Опасная скорбь - Энн Перри 9 стр.


– Миссис Хэслетт была убита кем-то из домашних, дядя Септимус, – объяснил Киприан. – Мы полагали, что Тави могла сказать вам что-нибудь, что прояснило бы мотив преступления. Мы всех расспрашиваем об этом.

– Могла что-нибудь сказать? – Септимус моргнул.

Лицо сэра Бэзила потемнело от гнева.

– Боже мой, тебе же задали простейший вопрос! Не понял ли ты со слов или случайных намеков Октавии, что она открыла чей-то весьма неприятный секрет, который мог бы таить угрозу для ее жизни? Я понимаю, что все это маловероятно, но приходится спрашивать!

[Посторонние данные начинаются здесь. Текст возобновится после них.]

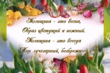 Удачно праздник совпал с началом весны. Распускающиеся первые цветы: тюльпаны, мимоза делают 8 Марта цветущим, благоухающим днем. Традиционными подарками на 8 марта для любимых женщин считаются духи, ювелирные изделия, цветы же — просто обязательны!!! -
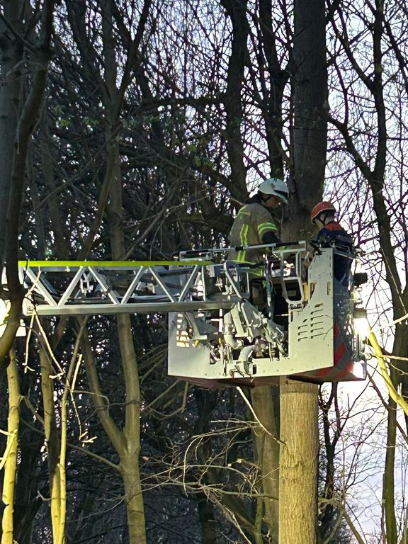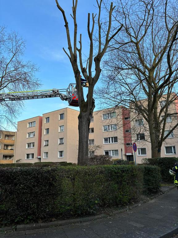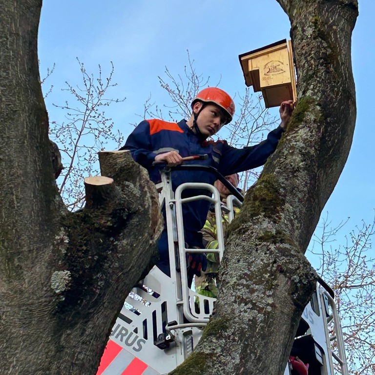In den Wintermonaten hat unsere Jugendfeuerwehr 6 Nistkäsen für Vögel gebaut. Die Bausätze wurden von der NRW-Stiftung für Naturschutz, Heimat- und Kulturpflege sowie der Jugendfeuerwehr Nordrhein- Werstfalen gestiftet. Der Dachdeckerbetrieb Faust stiftete die Dachpappe. Mitte März 2026 wurden die Nistkästen am Feuerwehrhaus, in der Wacker- Siedlung sowie im Fuhligswäldchen angebracht. Hier unterstützte die Drehleiter der Feuerwache Weidenpesch der Berufsfeuerwehr. Allen an dieser Aktion Beteiligten ein Herzliches Dankeschön. (JF)

– Так точно! – без промедления отчеканил Септимус, и на его бледных щеках вспыхнули красные пятна. – Ближе к вечеру, вернувшись домой, она сказала мне, что ей открылась вся правда и что правда эта ужасна. Она добавила еще, что для полной уверенности должна убедиться всего в одной вещи. Я спросил ее, в какой, но она уклонилась от ответа.

Сэр Бэзил был ошеломлен, а Киприан словно прирос к полу.

– А где она была, мистер Терск? – негромко спросил Монк. – Вы упомянули, что она откуда-то вернулась.

– Понятия не имею, – ответил Септимус. Раздражение его прошло, в глазах застыла скорбь. – Она ничего мне об этом не сказала. Обещала только, что со временем я сам все пойму, причем лучше, чем кто-либо другой. Вот и всё.

– Надо обратиться к кучеру, – немедленно предложил Киприан. – Он должен вспомнить, куда ее возил.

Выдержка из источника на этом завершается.